The $\text{New growth factor}$ for zone $\text{A}$ is calculated as,

Substitute $300$ for $\text{Present total}$ and $284.63$ for $\text{New Present total}$ in equation (III).

  $\begin{array}{c}\text{New Growth Factor}=\frac{\text{300}}{284.63}\\ =1.054\end{array}$

The $\text{New Present total}$ for zone $\text{B}$ will be,

  $\begin{array}{c}\text{New Present Total}=T_{\text{B-A}}+T_{\text{B-C}}+T_{\text{B-D}}\\ =110.34+515.93+193.59\\ =819.86\end{array}$

The $\text{New growth factor}$ for zone $\text{B}$ is calculated as,

Substitute $1000$ for $\text{Present total}$ and $819.86$ for $\text{New Present total}$ in equation (III).

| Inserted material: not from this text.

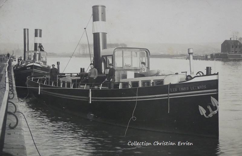 Voici une très jolie carte photo prise à mon avis sur la Meuse en Belgique. Au premier plan le remorqueur
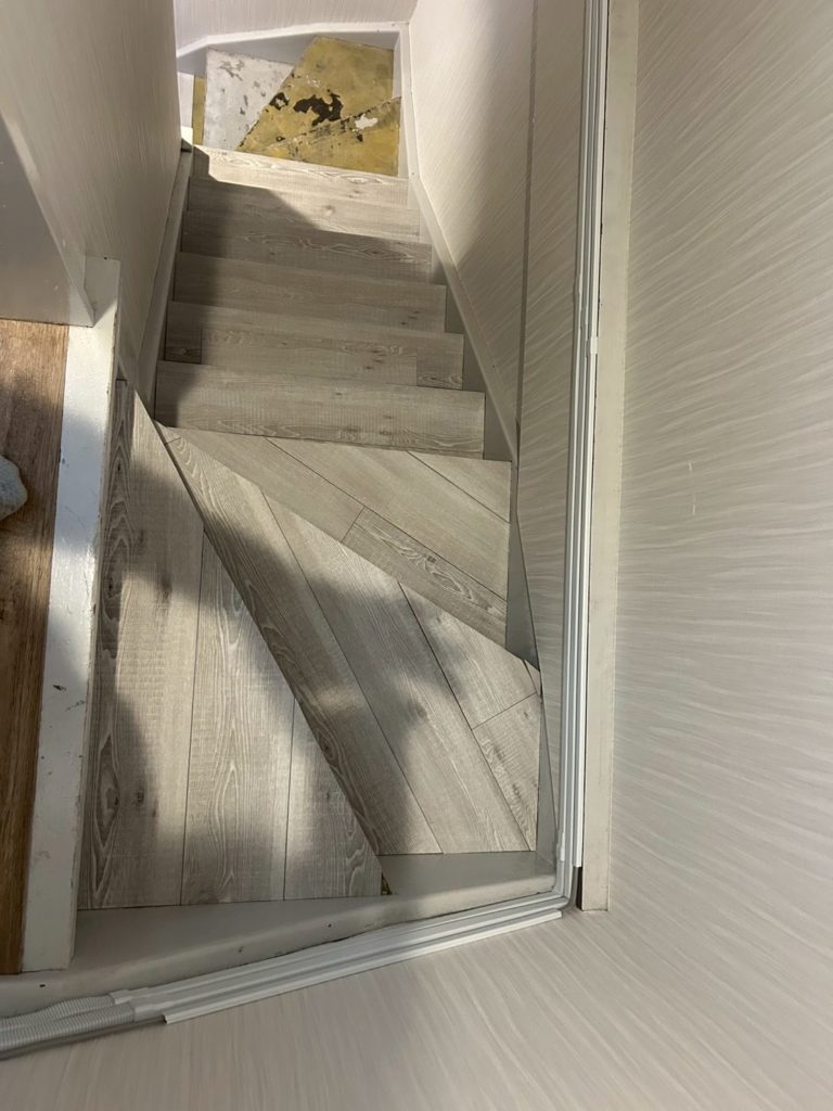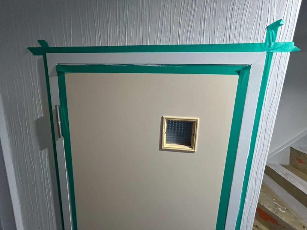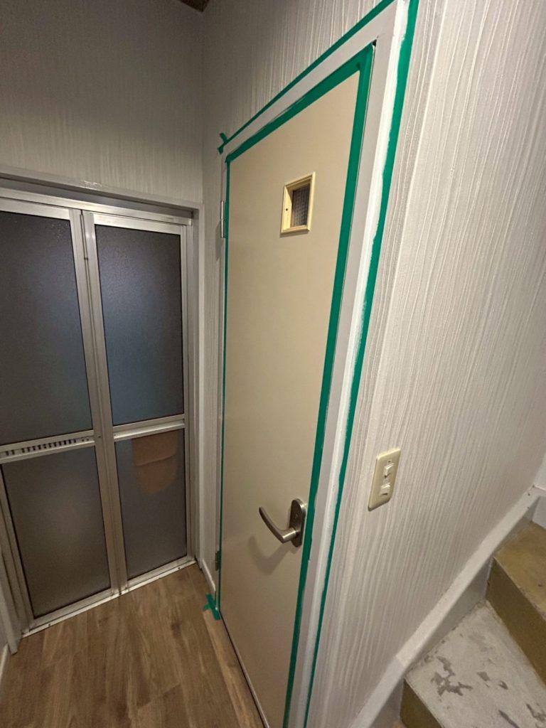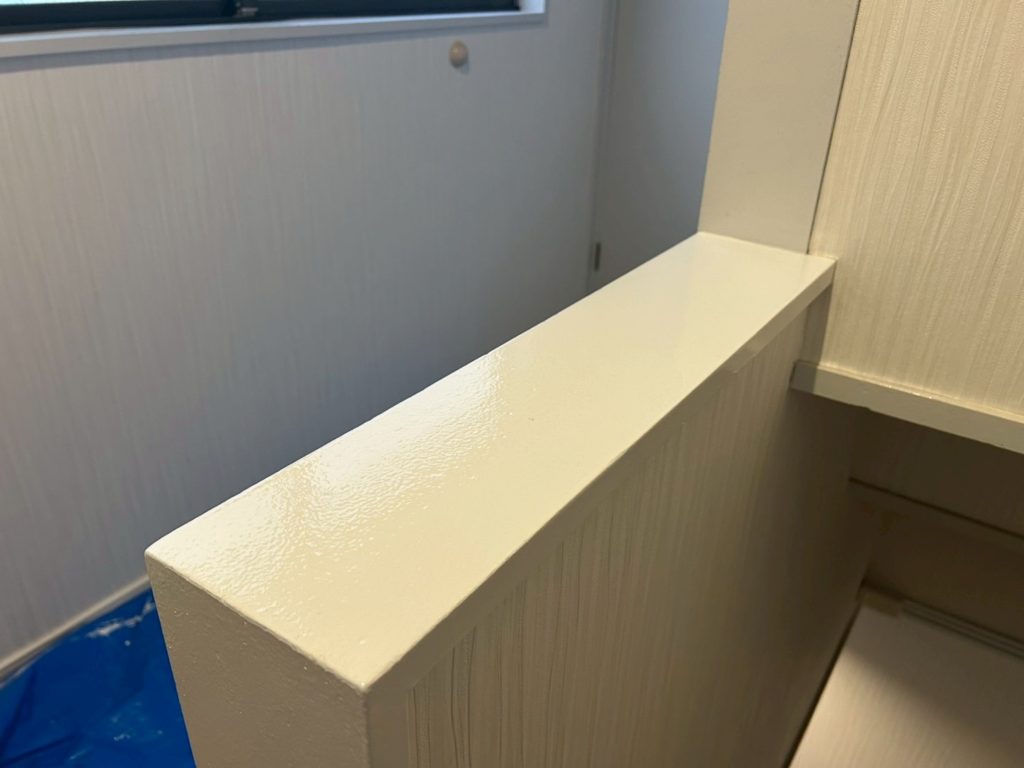 その他にも、塗装作業と階段の改修作業が進行中です。階段は非段差設計ではなく、出隅にカバーが貼られていました。

  $\begin{array}{c}\text{New Growth Factor}=\frac{\text{1000}}{819.86}\\ =1.220\end{array}$

The $\text{New Present total}$ for zone $\text{C}$ will be,

  $\begin{array}{c}\text{New Present Total}=T_{\text{C-A}}+T_{\text{C-B}}+T_{\text{C-D}}\\ =128.57+515.93+240\\ =884.5\end{array}$

The $\text{New growth factor}$ for zone $\text{C}$ is calculated as,

Substitute $800$ for $\text{Present total}$ and $884.5$ for $\text{New Present total}$ in equation (III).

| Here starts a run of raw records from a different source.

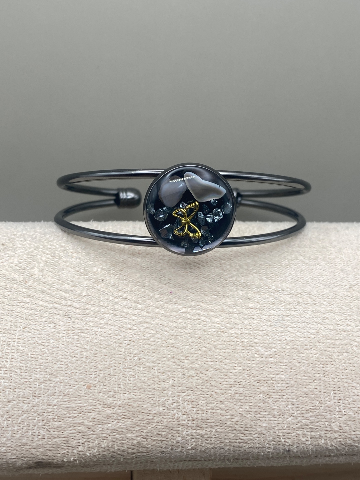 Vackert lekfullt armband med fast ram i mörkt stålgrå färgad koppar och vacker stor platt berlock med en härlig mix av silvergrått och svart, med en dekorativ guldfärgad fjäril täckt i det vackra glasliknande resin.
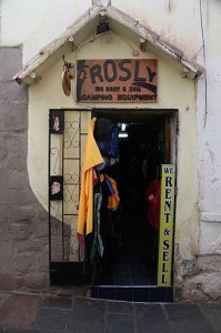 Las dos tiendas de campaña que necesitábamos para nuestra andadura las alquilamos en la más barata de las muchas agencias de alquiler de material de camping que hay por el centro de Cusco. Nos hicieron un precio verdaderamente competitivo, pero como fianza tuvimos que dejar tres pasaportes: el de mis dos compañeros de travesía y el mío.
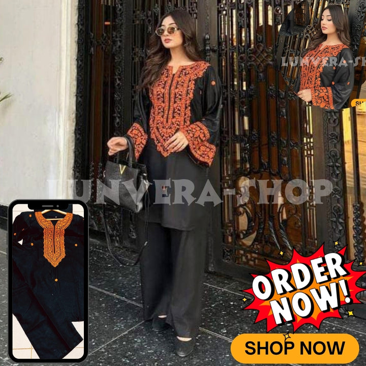 ✨ Rooh-e-Sham 2-Piece Embroidered Cotton Dress | Premium Overlock Finish (Medium & Large)
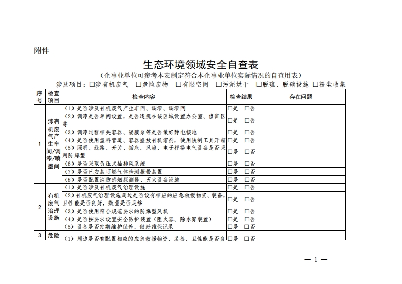 附件生态环境领域安全自查表(企事业单位可参考本表制定符合本企事业单位实际情况的自查用表)涉及项目:口涉有机废气口危险废物口有限空间口污泥烘干口脱疏、脱硝设施口粉尘收集序检查号项目检查内容检查结果存在问题(1)是否涉及有机废气产生车间、调漆、调漆间(2)调漆是否单问设置,是否违规在该区城设置办公室、值班区涉有口是口否机废(3)调漆过程相关容器、隔膜泵等是否做好静电接地气产生车(4)是否使用塑料管道、容器盛放有机溶剂,使用铁制工具开箱口是口否间/调(⑤)照明、线路、开关、插座、风扇、电子秤等电气设备是否采口是墨间(6)是否采取负压式抽排风系统(7)是否已安装可燃气体检测报警装置(8)是否配置消防感烟探测器、灭火设备设施(1)是否涉及有机废气治理设施口是口否有机(2)有机废气治理设施周边是否设有相应的应急救援物资、装备,2废气且性能是否良好,数量是否足够治理(3)是否使用符合规范要求的防爆型风机口是口否设施(4)是否按要求设置安全防护装置(阻火器、除水雾装置)(5)设备是否定期维护保养,做好维保记录3危险,数量是否足够(2)现场是否张贴危险废物安全警示标志,明确品种、安全属性废物最大储存量和储存期限,明确应急救援和灭火方法贮存(3)危废仓是否设置在室外安全位置,与周边可燃物品或动火作处置业保持有效安全间隔,且通风良好口是安全(4)现场是否已采取防有机蒸气积聚的控制措施,如安装排气扇,包装桶加盖或用保鲜膜封口等口否(5)是否已采取防风、防晒、防雨淋措施(1)是否完整识别企事业单位内部涉及污水处理池等有限空间,睫立台账,制定有限空间安全管理制度,明确相应的责任人口是口否环境(2)现场是否设置有限空问安全警示标志、标识和告知牌治理(3)是否委托外包作业,并签订安全责任书设施(4)是否严格执行有限空问作业审批机制,全过程专人管控有限(5)是否定期组织项目负责人、现场监督人员、作业人员以及救空间暖人员开展有限空问安全教育培训口是口否安全(6)是否制定有限空间应急救援预案并定期组织开展演练(7)是否有配置充足的有限空间救援装备,明确标识并就近放置做好日常检查维护保养工作口是口否5污泥(1)是否涉及可燃粉尘污泥供干设施运行烘干(2)是否落实操作员工的安全生产“三级教南”工作:安全做好设施肢术交底和安全操作规程的培训考核工作口是口否运行(3)是否落实系统内氧气含量实时监测和可燃粉尘惰化工作安全(4)定期维护保养系统安全报警设施,确保持续安全运行(5)电气设备是否接地,电线是否绝缘可靠并在钢管内铺设

  $\begin{array}{c}\text{New Growth Factor}=\frac{\text{800}}{884.5}\\ =0.905\end{array}$

The $\text{New Present total}$ for zone $\text{D}$ will be,

  $\begin{array}{c}\text{New Present Total}=T_{\text{D-A}}+T_{\text{D-B}}+T_{\text{D-C}}\\ =45.72+193.59+240\\ =479.31\end{array}$

The $\text{New growth factor}$ for zone $\text{D}$ is calculated as,

Substitute $300$ for $\text{Present total}$ and $479.31$ for $\text{New Present total}$ in equation (III).

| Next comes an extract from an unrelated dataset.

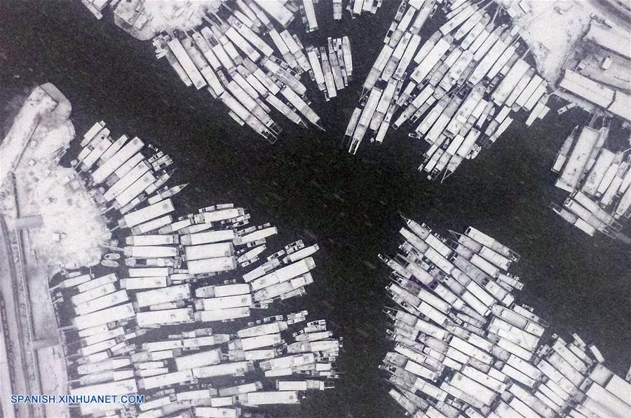JIANGSU, enero 4, 2018 (Xinhua) -- Vista aérea de barcos cubiertos por nieve en el Lago Hongze, en Huai'an, en la provincia de Jiangsu, en el este de China, el 4 de enero de 2018. Muchos lugares alrededor de China vieron una nevada el miércoles. (Xinhua/Wan Zhen)
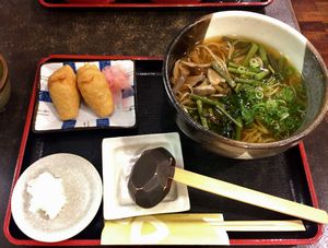 母は三色そば。私は山菜そばといなり定食。いなりが食べたくね。

  $\begin{array}{c}\text{New Growth Factor}=\frac{\text{300}}{479.31}\\ =0.626\end{array}$

The remaining movement between zones, new present total and new growth factor for zone $\text{A,}\text{B,}\text{C}$ and $\text{D}$ are tabulated below:

Zones	New Present total	New Growth factor
$\text{A-B}$	$284.63$	$1.054$
$\text{A-C}$
$\text{A-D}$
$\text{B-A}$	$819.86$	$1.220$
$\text{B-C}$
$\text{B-D}$
$\text{C-A}$	$884.5$	$0.905$
$\text{C-B}$
$\text{C-D}$
$\text{D-A}$	$479.31$	$0.626$
$\text{D-B}$
$\text{D-C}$

Table (6)

Conclusion:

The trip distribution has been done using the average growth factor method.